Let $E$ be a finite extension of $k$. The intersection of all normal extensions $K$ of $k$ (in an algebraic closure $E^\text{a}$) containing $E$ is a normal extension of $k$ which contains $E$, and is obviously the smallest normal extension of $k$ containing $E$. If $\sigma_1,\dots,\sigma_n$ are the distinct embeddings of $E$ in $E^\text{a}$, then the extension $$ K = (\sigma_1E)\dots (\sigma_nE) $$ which is the compositum of all these embeddings, is a normal extension of $k$, because for any embedding of it, say $\tau$, we can apply $\tau$ to each extension $\sigma_iE$. Then $(\tau\sigma_1,\dots,\tau\sigma_n)$ is a permutation of $(\sigma_1,\dots,\sigma_n)$ and thus $\tau$ maps $K$ into itself.

I just want to confirm that my understanding of the domains and codomains of these maps $\sigma_i$ and $\tau$ are correct.

First, we are fixing some unstated embedding $\gamma: k\to E^\text{a} \cong k^\text{a}$. Then, we can extend $\gamma$ into $n=[E:k]_s$ embeddings of $E$ into $E^\text{a}$ given by $\sigma_i:E\to E^\text{a}$ such that $\sigma_i|_k=\gamma$. (Here, $[E:k]_s$ is the separable degree of the extension $E/k$.) Then $K=\sigma_1(E)\dots\sigma_n(E)$ is a subfield of $E^\text{a}$ and $\tau$ is an embedding $ \tau: K\to E^\text{a} $ such that $\tau|_{\gamma(k)} = \text{Id}_{\gamma(k)} $.

Is this correct?

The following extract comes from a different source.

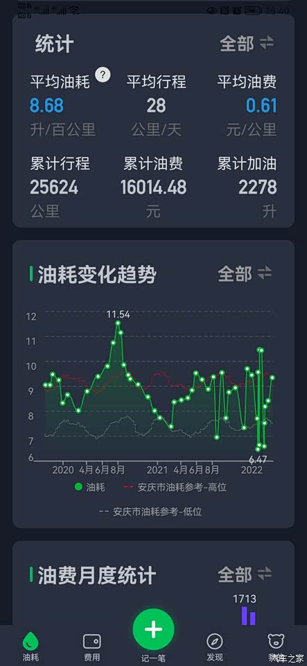 油耗偏高,但是我能接受,可能是我喜欢用ACC,急加速急停有关系。比刚买的时候有所下降,我都用小熊油耗记录,汽车显示油耗比实际油耗低了13%左右。

I'm interpreting the $\sigma_i$ as embeddings of the extension $E/k$ into $E^\text{a}$ where $E/k$ is not a priori considered to be subfields of the fixed algebraic closure $E^\text{a}$. This is why I think we must choose a particular embedding $\gamma: k\to E^\text{a}$ since such a choice is non-canonical (but they didn't mention this choice in the text). Then, I'm interpreting $\tau$ as an embedding of $K$, which is now considered to be a subfield of $E^\text{a}$, back into $E^\text{a}$, while keeping $\gamma(k)$ fixed. "Keeping $\gamma(k)$ fixed" is now a well-defined and sensible notion.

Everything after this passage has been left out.